6 Urban Legends Based on True Events
Urban legends are terrifying, though fortunately most of them aren’t true…right?
Actually, more urban legends than you might think are rooted in true events. Sometimes knowing the truth about our favorite stories makes them even sadder; often it shows that the stories were born more out of fear than actual horror.
Here are six urban legends rooted in true events.
1. Charlie No-Face
Charlie No-Face
This is a particularly sad story. Many people in Western Pennsylvania today tell stories about a horrifying man who haunts an abandoned train tunnel. In some stories, the man glows; in others, his skin emanates radiation.
Actually, the legend is most likely based on the fate of a poor boy named Ray Robinson, who was electrocuted by a trolley wire. As a result, his face was forever disfigured. He would sometimes take walks at night, and when villagers saw him they sometimes spun wild tales about his identity, turning him into a Boo Radley-esque figure even though really the guy was probably just trying to get some air.
2. Corpses Rotting in Hotel Rooms
You’ve probably heard some version of the story: A tired traveler enters a hotel room, only to smell something awful coming from under the bed, or out of the sink…
Unfortunately, these legends are somewhat rooted in reality. At Los Angeles’s Cecil Hotel in 2013, guests complained of a terrible smell coming from the water for days before the body of 21-year-old Elisa Lam was discovered, having been decomposing in the hotel’s water tank for two weeks.
Then there was the time when a couple in Atlantic City discovered a dead body in their mattress—and the time guests at the Budget Motel in Memphis discovered the body of a missing person named Sony Millbrook under their bed… Maybe we’ll just stay away from hotels for now.
3. Subterranean Cities and Tunnels
Atlas Obscura – Puebla Tunnels
Many places have rumours about underground cities that exist just below ground, and the underground city concept has been fodder for countless fairytales (i.e. Neil Gaiman’s Neverwhere).
But sometimes, just sometimes, there is an underground city humming just a few hundred feet below. Though most conspiracy theories about an underground city below Denver Airport have been debunked, Las Vegas actually has an underground city—which is sadly meant to shield tourists from the city’s unhoused population.
As police’s limitations prevented unhoused people from camping aboveground, more and more people began living in the city’s underground flood tunnels. Pretty damn devastating if you ask me.
In slightly better news, for hundreds of years, residents of Puebla City, Mexico had told tales of an underground city that existed just beneath theirs. In 2015, a construction crew discovered a vast network of tunnels underneath the city’s streets, which were believed to have been constructed in the 16th century and which are now open to tourists today.
4. The Killer Who Comes in Through the Bathroom Mirror
They Came In Through the Bathroom Mirror
The movie Candyman features a famous scene in which old medicine cabinets connect two apartments, allowing an interloper to enter through the mirror. This actually happened in real life.

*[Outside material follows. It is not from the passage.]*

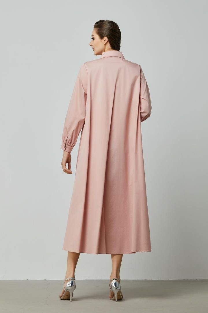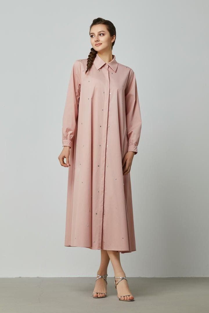 هذا قفطان الأنيق يتميز بياقة قميص وأكمام طويلة وقصة على شكل حرف A، مع تفاصيل من الأحجار اللامعة على الجزء الأمامي.

In 1987, a woman named Ruthie Ann McCoy was shot to death by an intruder who came in through her medicine cabinet.
Tragically, Ruthie Ann called the police before she died, telling them that there was someone trying to knock down her medicine cabinet. The cops arrived, but when she didn’t answer, they left—only to return to a grisly scene the next day.
5. The Funhouse Mummy
Mummy
First to Know
Children have long been entertained by stories of haunted house mummies actually being real corpses. Horrifyingly, this story is rooted in reality. In 1976, a movie crew filming The Six Million Dollar Manattempted to move what they thought was a prop corpse in a haunted house—and its arm came off, revealing human bone.
The body belonged to criminal mastermind Elmer McCurdy, who had been killed after robbing a train in 1911. McCurdy was embalmed and propped up in the funeral home as an exemplary showcase of the embalmer’s work. After a while, two people who claimed to be family members showed up—but they were wiley carnival workers looking to score a spooky attraction. McCurdy’s body was shown all around the country on carnival tours before settling at the haunted house in Long Beach. Finally, after all these years, McCurdy’s body is underground—but his legend lives on.
6. Staten Island’s Cropsey
Cropsey Staten Island
A legendary boogeyman supposedly living in a condemned asylum on Staten Island turned out to be…real.
Rumours said Cropsey lived in the woods and murdered children, bringing them back to the remains of an old tuberculosis sanatorium where he lived. In actuality, the boogeyman was a former employee of the Willowbrook School, which was condemned in 1987. It had been home to over 6,000 developmentally challenged people (as opposed to the 2,000 it was supposed to hold). Cropsey was actually Andre Rand, a janitor who was arrested in connection with a number of disappearances shortly after the school closed. Rand has been linked to at least five murders.
So there you have it. The rumors of the boogeyman living in your walls might not be rumou]rs at all. Of course, if you really wanted true horror stories, you could just turn on the news.